British Academy: The UK's National Academy for the Humanities and Social Sciences
Enquiry, Evidence and Facts: An Interdisciplinary Conference
Are Expert Opinions Telling Us Both Sides of the Story?
Dr Gianluca Baio
University College London, Department of Statistical Science, Gower Street, London WC1E 6BT
Dr Amanda B. Hepler
University College London, Department of Statistical Science, Gower Street, London WC1E 6BT
Dr Grant Fisher
University College London, Department of Science & Technology Studies, Gower Street
An abstract presented to the conference
‘Enquiry, Evidence and Facts: An Interdisciplinary conference’

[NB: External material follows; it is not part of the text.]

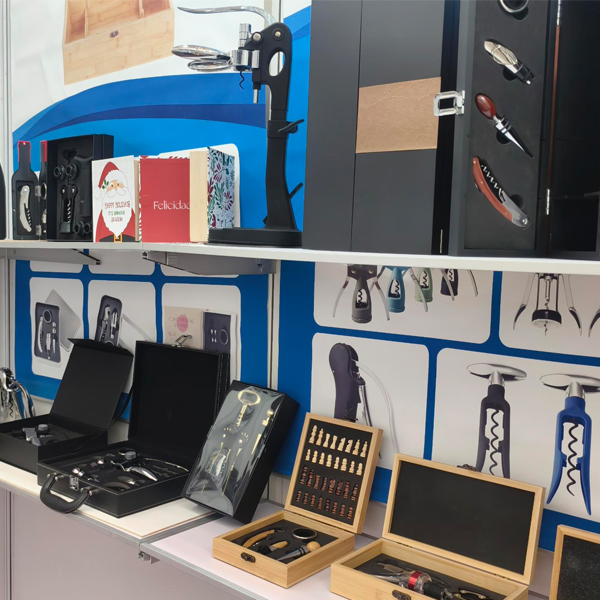 Vores produktsortiment omfatter en række vinåbnere i rustfrit stål og legeret, proptrækkere, champagneværktøj, hvidløgspressere, nøddekiks, dåseåbnere, skrællere, kødmørnere, cocktailrystere, hofteflasker i rustfrit stål og forskellige vinsæt lavet af træ eller PU samt vinkasser.
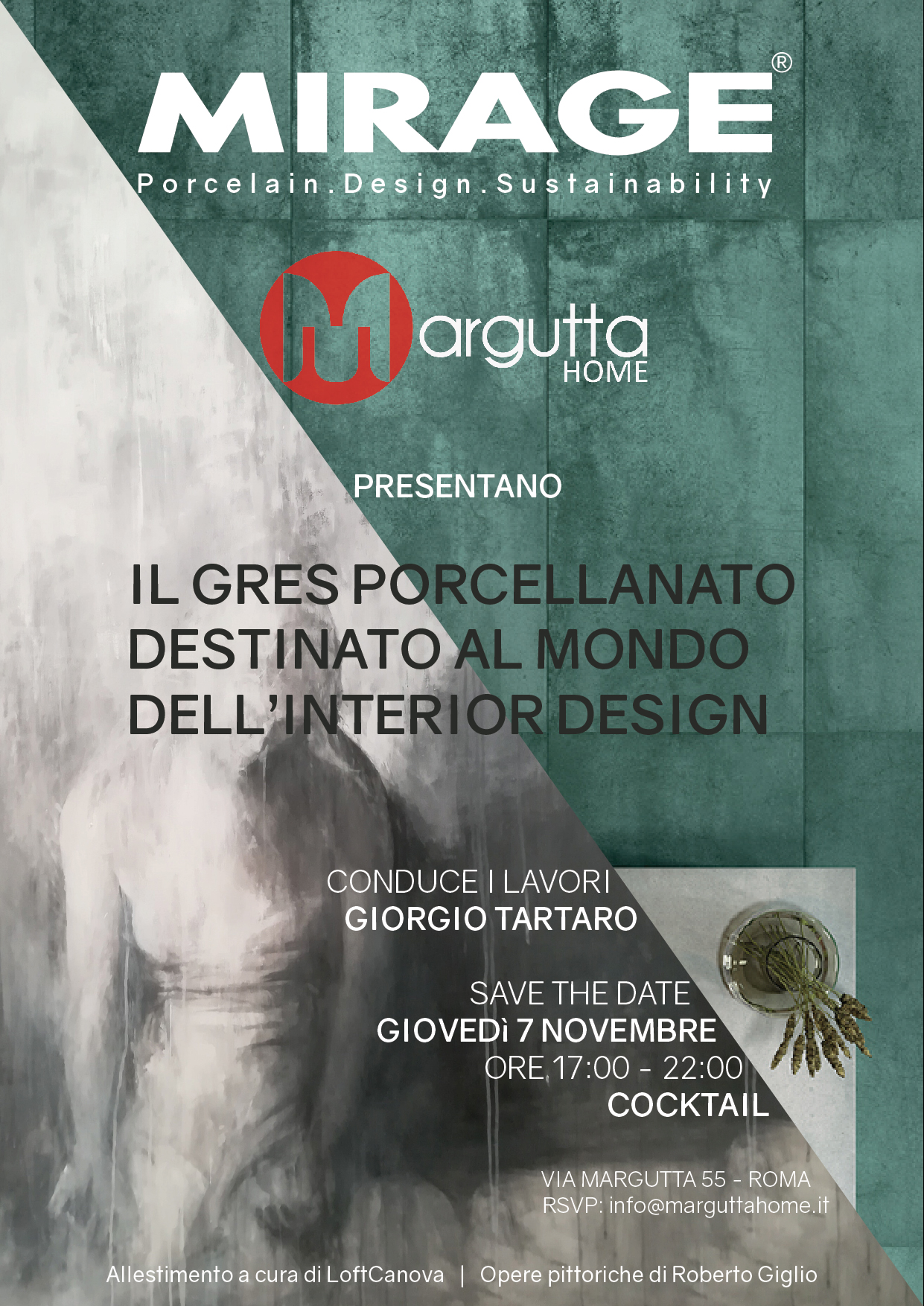 Mirage, azienda leader da più di 40 anni nel settore del Gres Porcellanato, arriva a Roma nella Design Boutique di Via Margutta 55, “Margutta Home”. Giovedì 7 novembre alle ore 17.00 abbiamo inaugurato l’esposizione con un evento dedicato ai grandi formati e alle ultime novità presentate al Cersaie di Bologna di quest’anno.

at the British Academy, London, on 13 December 2007
Biographies
Dr Gianluca Baio
Gianluca Baio graduated with a degree in Statistics and Economics from the University of Florence (Italy), after spending a period studying at the Sheffield Hallam University, Sheffield (UK). Subsequently, he has been a Research Fellow in the University of Siena (Italy), where he started to work on applied Bayesian statistics with particular reference to the economic evaluation of health systems. He completed his PhD in Applied Statistics at the University of Florence, after spending a period at the Program on the Pharmaceutical Industry at the MIT Sloan School of Management, Cambridge, Massachusetts, and currently is a Research Fellow at University College London (UK). His main interests are in Bayesian statistical modelling, probabilistic expert systems, and applications to decision-making problems, particularly in health care.
Dr Grant Fisher
Grant Fisher obtained a PhD in Philosophy from the University of Leeds in 2004. He has taught philosophy of science at the University of Leeds and history of science at Durham University. He is currently a Research Fellow in the Department of Science & Technology Studies at University College London. He works on the Evidence in the Natural Sciences project within the Evidence, Inference & Enquiry programme. His interests are in philosophy of science, especially confirmation, theories and models, scientific representation and history and philosophy of chemistry.
Dr Amanda Hepler
Amanda Hepler is currently working as a Research Fellow for the Evidence Programme, and is based at University College London. After obtaining her B.S. from Towson University, she earned her Masters degree and doctorate while at North Carolina State University. Trained as a forensic statistician, she specializes in the application of Bayesian network technology to aid evidence analysis. Her dissertation research explored modeling the complexities involved in DNA evidence interpretation when individuals arise from inbred populations. In addition to continuing this work, Dr. Hepler is also investigating formal models for other types of forensic evidence, including alibis, expert witness testimony and eyewitness credibility.
Abstract
1. Introduction
The role of expert opinion as evidence to be used for statistical inference is increasingly important, for example in the field of forensic science. Often, decisions are taken on the basis of the assessment made by experts that report on the plausibility of a hypothesis of interest (H0). For example, in the legal framework, this might involve circumstances where two samples are compared in order to discern whether their alleged similarity is “consistent with” a causal relation between the crime and the suspect. This decision problem can be rationally solved in the Bayesian framework. Accordingly, based on his or her experience, the expert needs to assess the true unknown probability distributions of the observed variables under two (or more) possible explanations. However, it often happens that expert opinions only provide partial information. The actual process by which an expert declares a “match” between the crime and the suspect sample (i.e. favours H0) might not take into account properly how more likely this hypothesis is in comparison to the alternative one(s), explicitly violating Bayesian decision making axioms. We explore this issue in section 2 with particular reference to its philosophical significance in relation to the nature of evidence broadly and in section 3 presenting a hypothetical example of the process underlying the formation of the expert opinion.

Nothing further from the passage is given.